## Brief
Copy out exactly the stretch below, from the line with "Schönberg (t). Der" through the line with "Blick auf die", both included; the pictures stay out.
Exercise data Block Start
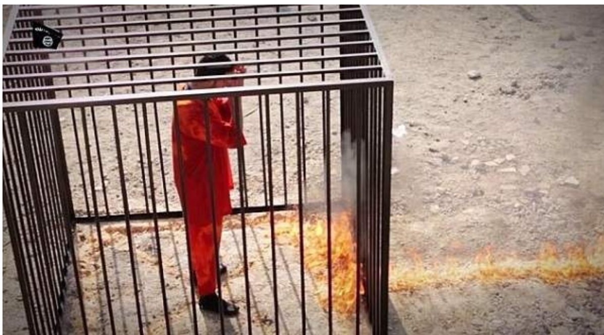
Il supplizio del pilota giordano Muad Kasasbeah
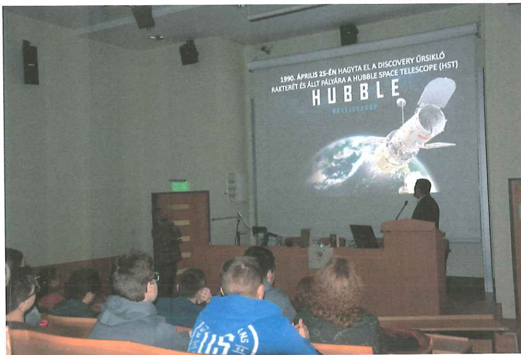
Hubble vászna – Edwin Powell Hubble és a Hubble űrtávcső – Rozman Béla
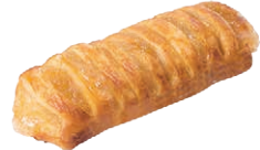
21493 Rejita Manzana con Canela 70g
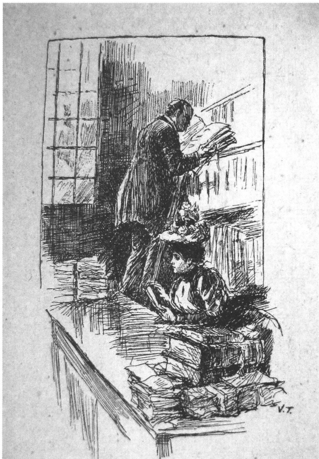
Fig. 2: incisione di Turati nella raccolta Dal primo all'ultimo amore
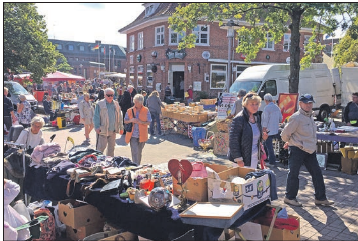
Viel Betrieb in der Fußgängerzone Knüll: Am Sonntag, 30. Juni ist wieder Flohmarkt in Schönberg.

Schönberg (t). Der Sommer ist da, und mit viel Charme und Gemütlichkeit werden am kommenden Sonntag wieder zahlreiche Schönberger Betriebe in der Fußgängerzone und in der Bahnhofstraße von 11 Uhr bis 15 Uhr ihre Türen zum „Erlebnis-Shopping“ öffnen und zum Bummeln und Stöbern einladen. In vielen Einzelhandels-Geschäften kann man jetzt die neue Sommerware entdecken. Besonders natürlich in den Mode- und Schuhgeschäften werden jetzt die ganz besonderen modischen Sommerhits präsentiert. Sicher kann man, wie immer an Schönberger Markttagen, sich das eine oder andere Angebot sichern. In der Fußgängerzone Knüll wird am kommenden Sonntag, 30. Juni auch
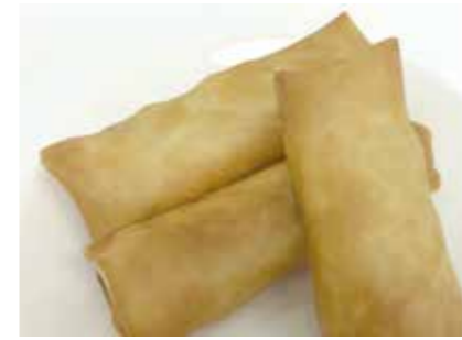
加工食品 春巻・ちまき SPRING ROLL, CHIMAKI ●産地:中国 ●荷姿:各種 加熱調理済みの商品です。
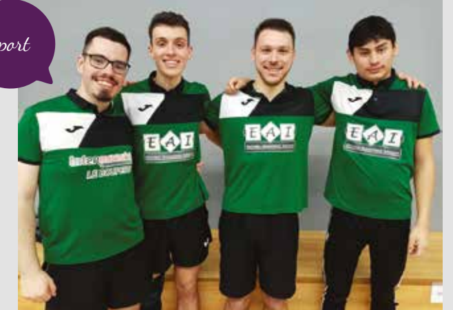
4 des 5 joueurs de l'équipe de Régionale 3
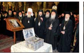
Слово на Пловдивския митрополит Николай при посрещане на св. мощи
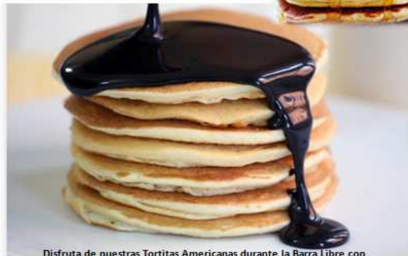
Disfruta de nuestras Tortitas Americanas durante la Barra Libre con 3 tipos de Sirope (Chocolate, Fresa y Arce)
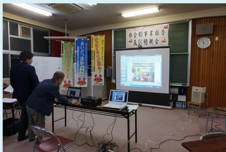
会場の準備も事務局にお世話になりました。
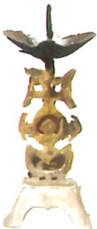
燭台 zug / toi /
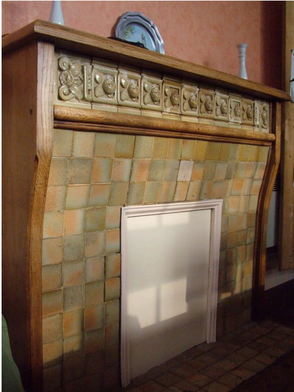
Vue de la cheminée de la salle de mairie.
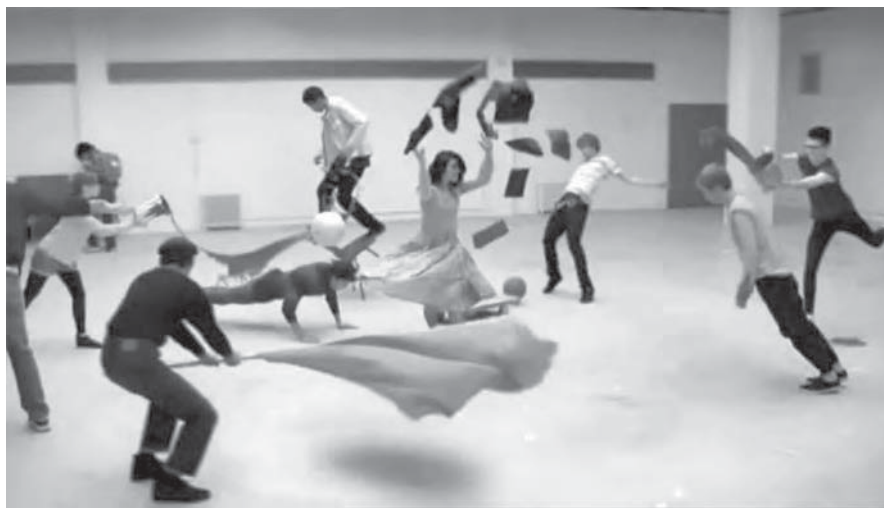
Figura 7: Time Sculpture , Toshiba, 2008

Velocidade normal, retardamento, retrocesso, imobilização, looping . E se um único anúncio contemplasse, simultaneamente, todos estes movimentos? Qual seria o resultado? Caos ou beleza?
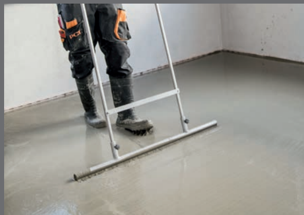
Den stående arbejdsstilling forbedrer det fysiske arbejdsmiljø.
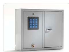
9001 B Schlüsselschrank der Basic-Serie mit 1 Tür und 29 Schlüsselhaken. Außenmaße: 350x280x85 Gewicht: 5,3 kg
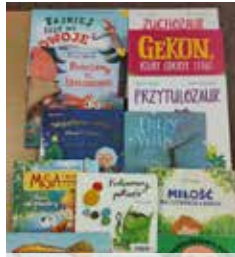
Nowe pozycje książkowe dla najmłodszych czytelników
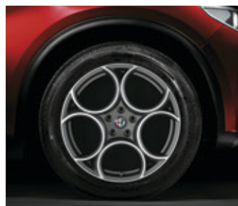
5EV - 19" MILANO SPECIALE
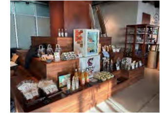
【レストラン・イベントでの商品展示】
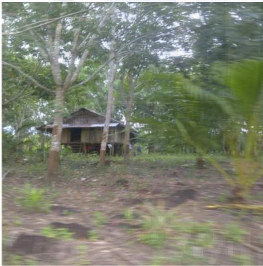
Gambar : salah satu rumah dekat dengan perkebunan karet.
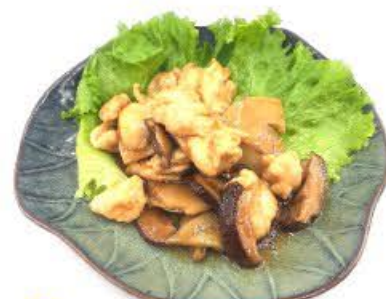
71. Pollo con bambù e funghi
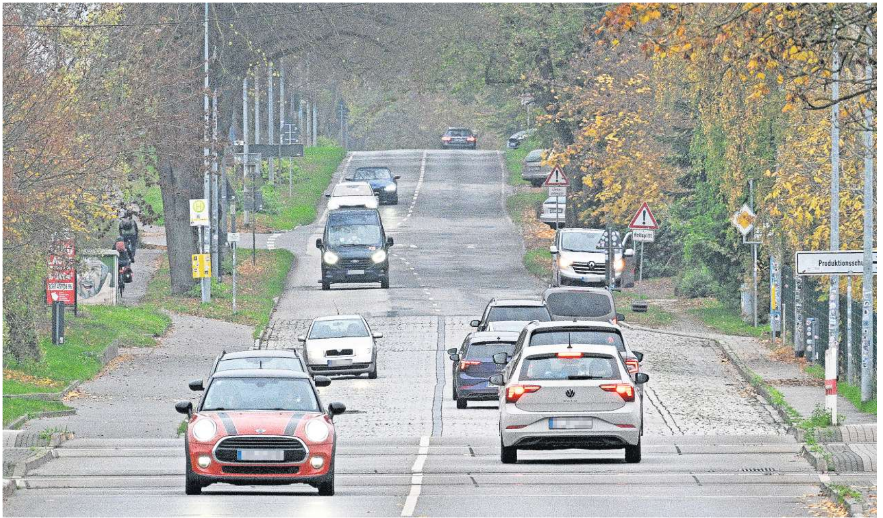
Blick auf die Neubrandenburger Straße in Rostock. Die Straße soll nun in mehreren Abschnitten saniert werden. Das hat auch gravierende Auswirkungen.
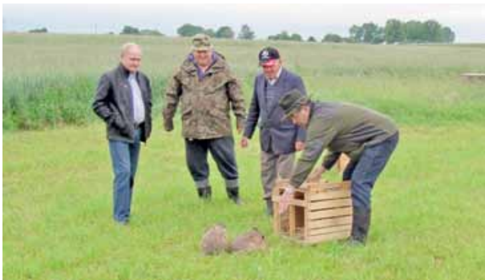
Myśliwi z Koła Łowieckiego „Jedność” z Łyszkowice wypuszczają na wolność zające szaraki. Liczą, że dzięki temu zabiegowi uda im się odbudować populację tego ssaka w swoim łowisku.

Gminy Nieborów i Łyszkowice | Koło Łowieckie „Jedność”
Exercise data Block End
## Answer box
Schönberg (t). Der Sommer ist da, und mit viel Charme und Gemütlichkeit werden am kommenden Sonntag wieder zahlreiche Schönberger Betriebe in der Fußgängerzone und in der Bahnhofstraße von 11 Uhr bis 15 Uhr ihre Türen zum „Erlebnis-Shopping“ öffnen und zum Bummeln und Stöbern einladen. In vielen Einzelhandels-Geschäften kann man jetzt die neue Sommerware entdecken. Besonders natürlich in den Mode- und Schuhgeschäften werden jetzt die ganz besonderen modischen Sommerhits präsentiert. Sicher kann man, wie immer an Schönberger Markttagen, sich das eine oder andere Angebot sichern. In der Fußgängerzone Knüll wird am kommenden Sonntag, 30. Juni auch
加工食品 春巻・ちまき SPRING ROLL, CHIMAKI ●産地:中国 ●荷姿:各種 加熱調理済みの商品です。
4 des 5 joueurs de l'équipe de Régionale 3
Слово на Пловдивския митрополит Николай при посрещане на св. мощи
Disfruta de nuestras Tortitas Americanas durante la Barra Libre con 3 tipos de Sirope (Chocolate, Fresa y Arce)
会場の準備も事務局にお世話になりました。
燭台 zug / toi /
Vue de la cheminée de la salle de mairie.
Figura 7: Time Sculpture , Toshiba, 2008

Velocidade normal, retardamento, retrocesso, imobilização, looping . E se um único anúncio contemplasse, simultaneamente, todos estes movimentos? Qual seria o resultado? Caos ou beleza?
Den stående arbejdsstilling forbedrer det fysiske arbejdsmiljø.
9001 B Schlüsselschrank der Basic-Serie mit 1 Tür und 29 Schlüsselhaken. Außenmaße: 350x280x85 Gewicht: 5,3 kg
Nowe pozycje książkowe dla najmłodszych czytelników
5EV - 19" MILANO SPECIALE
【レストラン・イベントでの商品展示】
Gambar : salah satu rumah dekat dengan perkebunan karet.
71. Pollo con bambù e funghi
Blick auf die Neubrandenburger Straße in Rostock. Die Straße soll nun in mehreren Abschnitten saniert werden. Das hat auch gravierende Auswirkungen.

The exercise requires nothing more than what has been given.